**Available data**
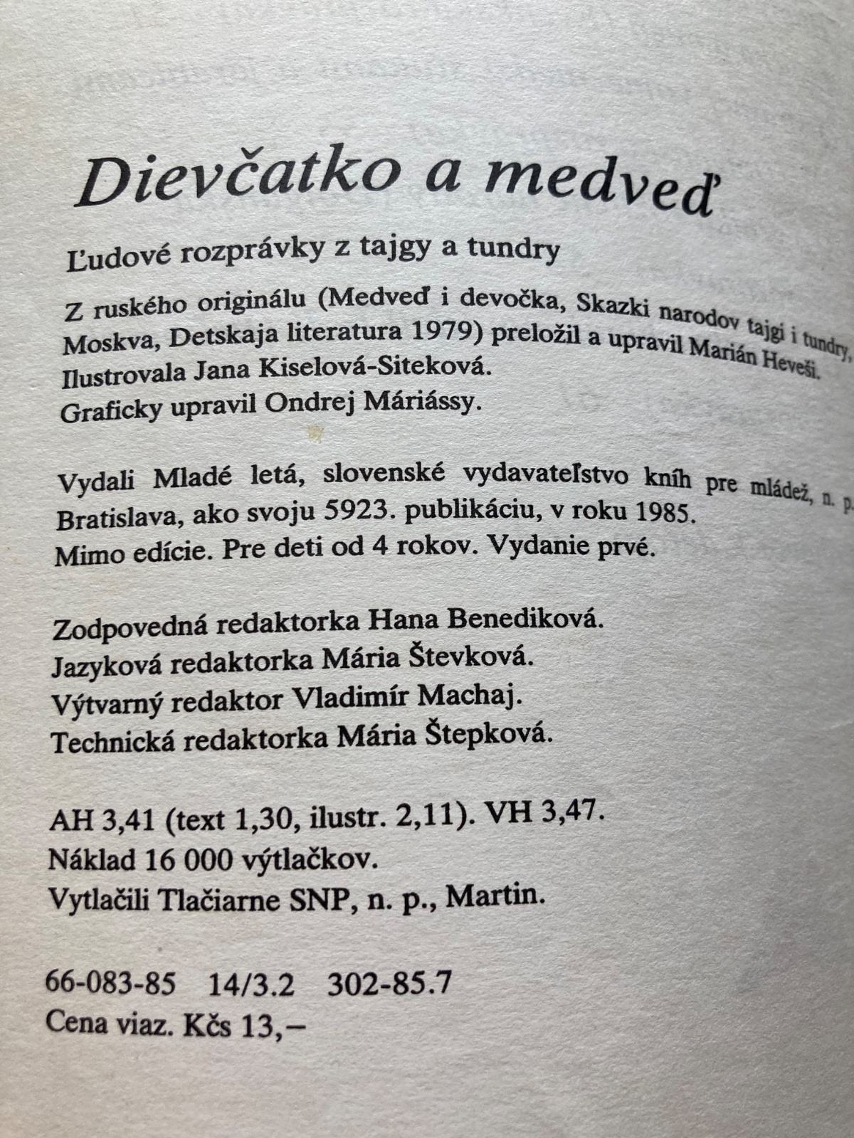 🔹Kniha Dievčatko a medveď z roku 1985 je zbierka ľudových rozprávok z tajgy a tundry. Súbor rozprávok o zvieratách a ľuďoch z drsných podmienok severu, kde hlavným motívom je často stretnutie malého dievčatka s medveďom, ktorý jej pomáha.
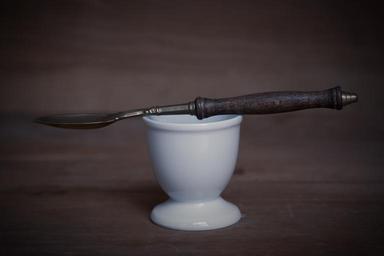 Keywords: egg cups white spoon old spoon silent still life close
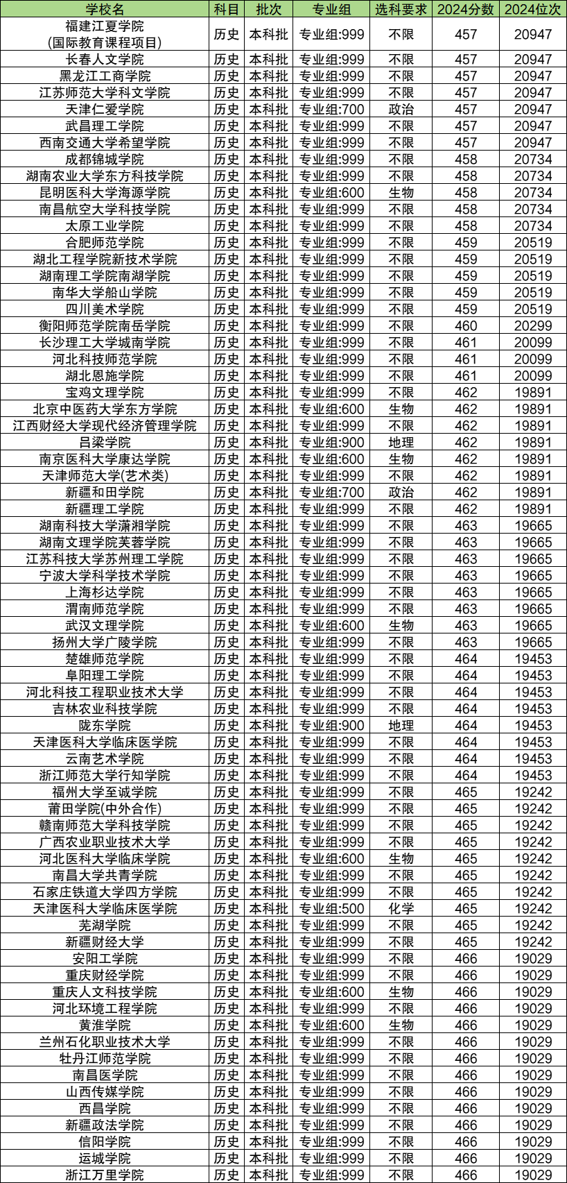 福建高考历史类2万名左右能报考的大学中位次排名较低的有长春人文学院999组、黑龙江工商学院999组、江苏师范大学科文学院999组等,2024年最低分457分,对应排名是20947名。另外最接近2万名的是长沙理工大学城南学院999组、河北科技师范学院999组、湖北恩施学院999组,2024年最低分461分,排名是20099名。
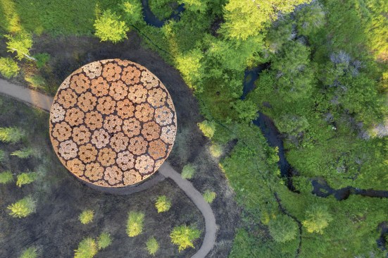 His initial design of the Gando Primary School comprised a single classroom structure under a sloped shed roof. The complex has been extended twice by Kéré, adding the barrel vaulted Gando Teachers’ Housing in 2004 and the circular Gando Primary School Library in 2019. His other projects include the Startup Lions Campus in Turkana County, Kenya (2021); Serpentine Pavilion in London (2017); and Xylem, the gathering pavilion for the Tippet Rise Art Center in Fishtail, Mont. (2019). Currently under construction is the Benin National Assembly, Porto-Novo, Republic of Benin while his design for the 127-person assembly hall for National Assembly of Burkina Faso in Ouagadougou remains unbuilt.
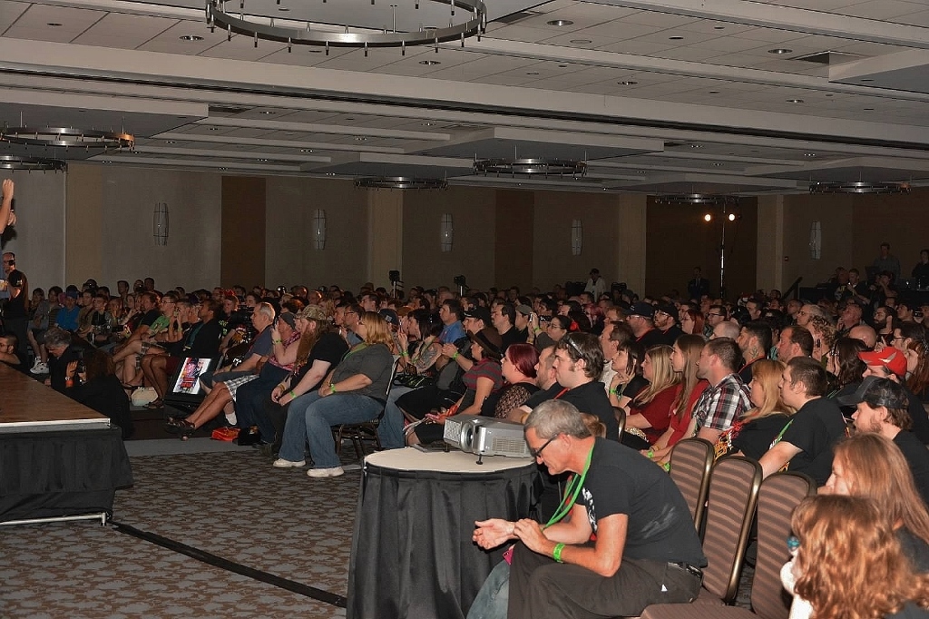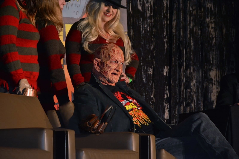 Not long after I took my seat the show began. Svengoolie took the stage and introduced his first guest, Robert Englund. Though customary to save your best guest for last, Englund had already been wearing his Freddy make-up for several hours while greeting fans. As he’d explain later, he was “starting to itch,” so out of courtesy he’d be first on stage.
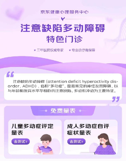 京東健康心理服務中心的兒童與青少年心理門診不僅提供精神科專家問診和線上心理咨詢,還推出了多種評定量表,涵蓋兒童常見神經發育障礙的注意缺陷多動障礙(ADHD)量表和自閉癥譜系障礙量表,以及關注孩子社交和抗壓能力的測評。此外,門診還擁有豐富的科普資源,包括精神科醫生和心理咨詢師的原創科普文章和直播,幫助家長更全面了解孩子的心理問題。
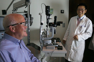 Larry Hester and Paul Hahn, MD, prepare for the first test run with the new bionic eye. (Photo Credit: Shawn Rocco at Duke Medicine) People diagnosed with a degenerative eye disease are seeing a new future thanks to bionic eye technology. For decades, Larry Hester adjusted to life without vision after retinitis pigmentosa caused the photoreceptor cells in his eyes to gradually die off. But this week, Hester’s sight was partially restored following surgery that transformed his eye into a bionic eye. He’s now the seventh person to undergo this FDA-approved procedure. Hester received the device in September, but he tested his bionic eye for the first time yesterday — as captured in the video below:
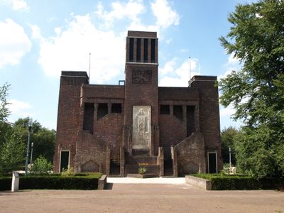 The monument combines Belgian architectural elements with Dutch influences, including sculptures by artists François Gos and Hildo Krop.
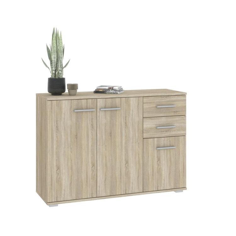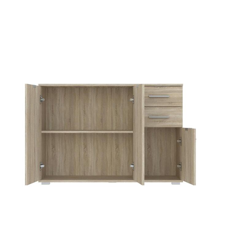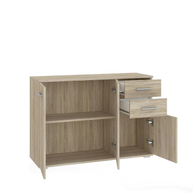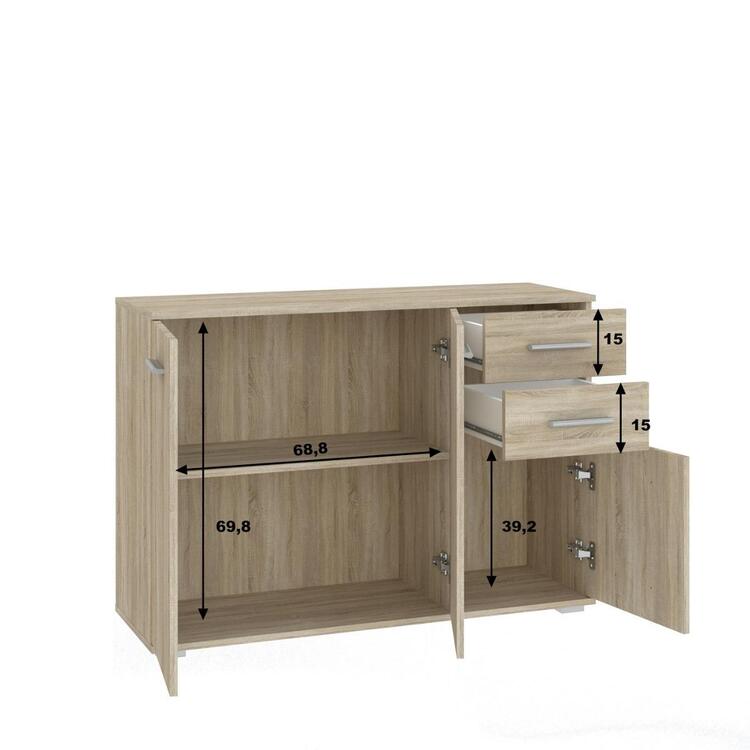 Komoda třídveřová se dvěma zásuvkami je vyrobena z kvalitní LTD desky v barevném provedení dub sonoma. V naší nabídce naleznete více variant nábytku této řady. Dodáváme v demontovaném stavu.CASA 85030
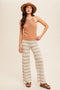 Black Beige Long Sleeve Stripe Pattern Ribbed Knitted Top
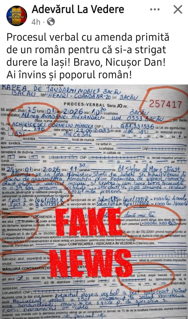 Potrivit documentului falsificat şi distribuit online, un cetăţean care ar fi participat la manifestările de 24 ianuarie în Iaşi ar fi fost amendat de Jandarmeria Bacău cu suma de 2.000 de lei, însă procesul-verbal conţine o serie de erori care denotă faptul că a fost generat automat cu AI.
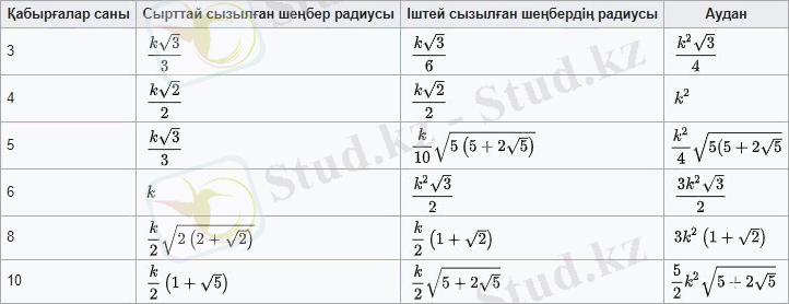 Төмендегі 1-кестеде дұрыс көпбұрыштар қабырғаларының саны және оларды сырттай және іштей сызылған шеңберлерді радиустарының ұзындығын, көпбұрыштардың аудандарын анықтайтын формулалар топталған. Дұрыс көпбұрыштың қабырғасының ұзындығы - k әріпінемен белгіленген.
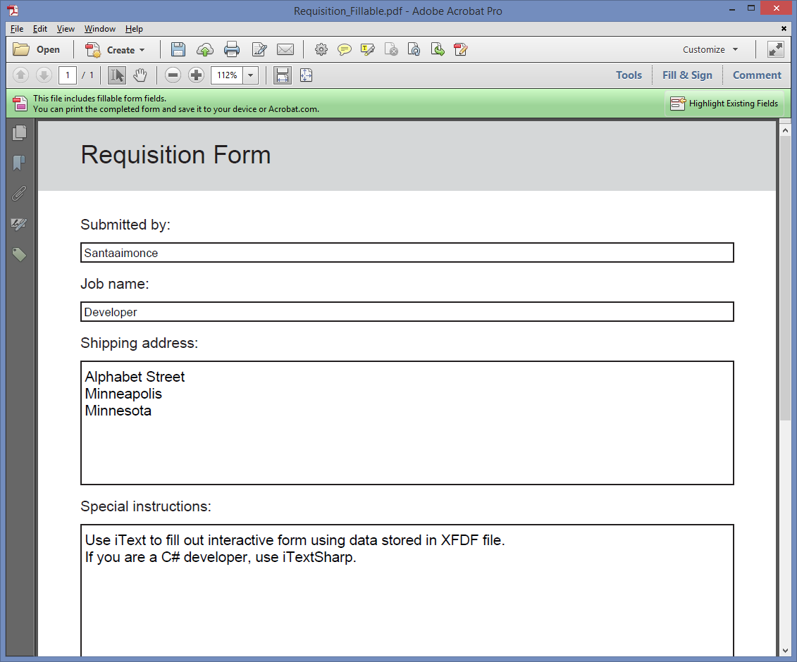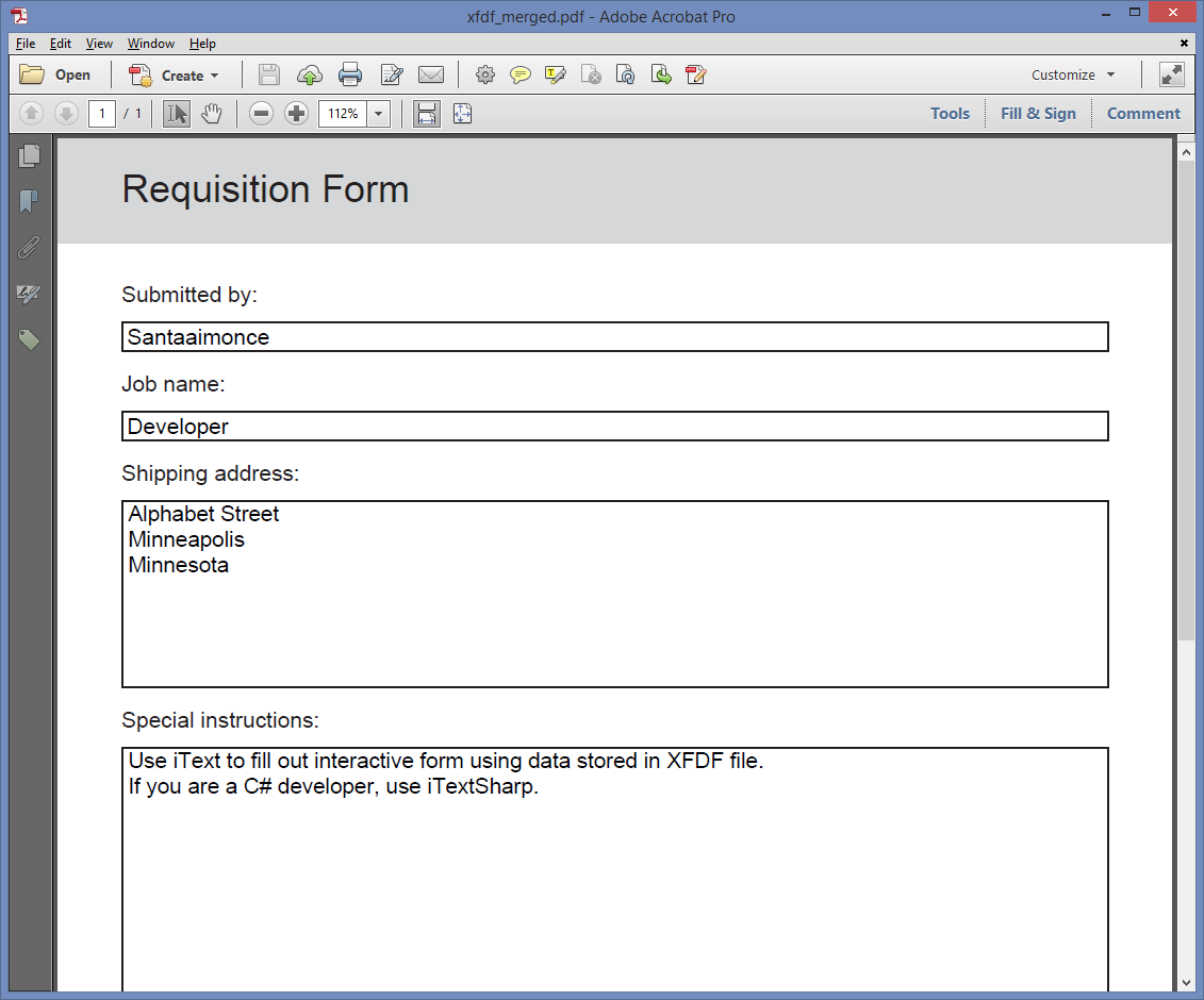 显然,这只有在表单(在本例中是Requisition_Fillable.pdf)与XFDF流中的数据相对应时才能工作。例如:我的模板将处理"Submitted by"和"Shipping address"字段的数据。它不适用于"Job Name"和"Special Instructions"字段,因为这些字段不存在于我的模板中。在我的模板中,这些字段名为"Job name"和"Special instructions";您看到的是小写而不是大写吗?

**Problem to work on**
What is needed is an exact copy of all the records, minus any pictures.

**Expected answer**
 🔹Kniha Dievčatko a medveď z roku 1985 je zbierka ľudových rozprávok z tajgy a tundry. Súbor rozprávok o zvieratách a ľuďoch z drsných podmienok severu, kde hlavným motívom je často stretnutie malého dievčatka s medveďom, ktorý jej pomáha.
 Keywords: egg cups white spoon old spoon silent still life close
 福建高考历史类2万名左右能报考的大学中位次排名较低的有长春人文学院999组、黑龙江工商学院999组、江苏师范大学科文学院999组等,2024年最低分457分,对应排名是20947名。另外最接近2万名的是长沙理工大学城南学院999组、河北科技师范学院999组、湖北恩施学院999组,2024年最低分461分,排名是20099名。
 His initial design of the Gando Primary School comprised a single classroom structure under a sloped shed roof. The complex has been extended twice by Kéré, adding the barrel vaulted Gando Teachers’ Housing in 2004 and the circular Gando Primary School Library in 2019. His other projects include the Startup Lions Campus in Turkana County, Kenya (2021); Serpentine Pavilion in London (2017); and Xylem, the gathering pavilion for the Tippet Rise Art Center in Fishtail, Mont. (2019). Currently under construction is the Benin National Assembly, Porto-Novo, Republic of Benin while his design for the 127-person assembly hall for National Assembly of Burkina Faso in Ouagadougou remains unbuilt.
 Not long after I took my seat the show began. Svengoolie took the stage and introduced his first guest, Robert Englund. Though customary to save your best guest for last, Englund had already been wearing his Freddy make-up for several hours while greeting fans. As he’d explain later, he was “starting to itch,” so out of courtesy he’d be first on stage.
 京東健康心理服務中心的兒童與青少年心理門診不僅提供精神科專家問診和線上心理咨詢,還推出了多種評定量表,涵蓋兒童常見神經發育障礙的注意缺陷多動障礙(ADHD)量表和自閉癥譜系障礙量表,以及關注孩子社交和抗壓能力的測評。此外,門診還擁有豐富的科普資源,包括精神科醫生和心理咨詢師的原創科普文章和直播,幫助家長更全面了解孩子的心理問題。
 Larry Hester and Paul Hahn, MD, prepare for the first test run with the new bionic eye. (Photo Credit: Shawn Rocco at Duke Medicine) People diagnosed with a degenerative eye disease are seeing a new future thanks to bionic eye technology. For decades, Larry Hester adjusted to life without vision after retinitis pigmentosa caused the photoreceptor cells in his eyes to gradually die off. But this week, Hester’s sight was partially restored following surgery that transformed his eye into a bionic eye. He’s now the seventh person to undergo this FDA-approved procedure. Hester received the device in September, but he tested his bionic eye for the first time yesterday — as captured in the video below:
 The monument combines Belgian architectural elements with Dutch influences, including sculptures by artists François Gos and Hildo Krop.
 Komoda třídveřová se dvěma zásuvkami je vyrobena z kvalitní LTD desky v barevném provedení dub sonoma. V naší nabídce naleznete více variant nábytku této řady. Dodáváme v demontovaném stavu.CASA 85030
 Black Beige Long Sleeve Stripe Pattern Ribbed Knitted Top
 Potrivit documentului falsificat şi distribuit online, un cetăţean care ar fi participat la manifestările de 24 ianuarie în Iaşi ar fi fost amendat de Jandarmeria Bacău cu suma de 2.000 de lei, însă procesul-verbal conţine o serie de erori care denotă faptul că a fost generat automat cu AI.
 Төмендегі 1-кестеде дұрыс көпбұрыштар қабырғаларының саны және оларды сырттай және іштей сызылған шеңберлерді радиустарының ұзындығын, көпбұрыштардың аудандарын анықтайтын формулалар топталған. Дұрыс көпбұрыштың қабырғасының ұзындығы - k әріпінемен белгіленген.
 显然,这只有在表单(在本例中是Requisition_Fillable.pdf)与XFDF流中的数据相对应时才能工作。例如:我的模板将处理"Submitted by"和"Shipping address"字段的数据。它不适用于"Job Name"和"Special Instructions"字段,因为这些字段不存在于我的模板中。在我的模板中,这些字段名为"Job name"和"Special instructions";您看到的是小写而不是大写吗?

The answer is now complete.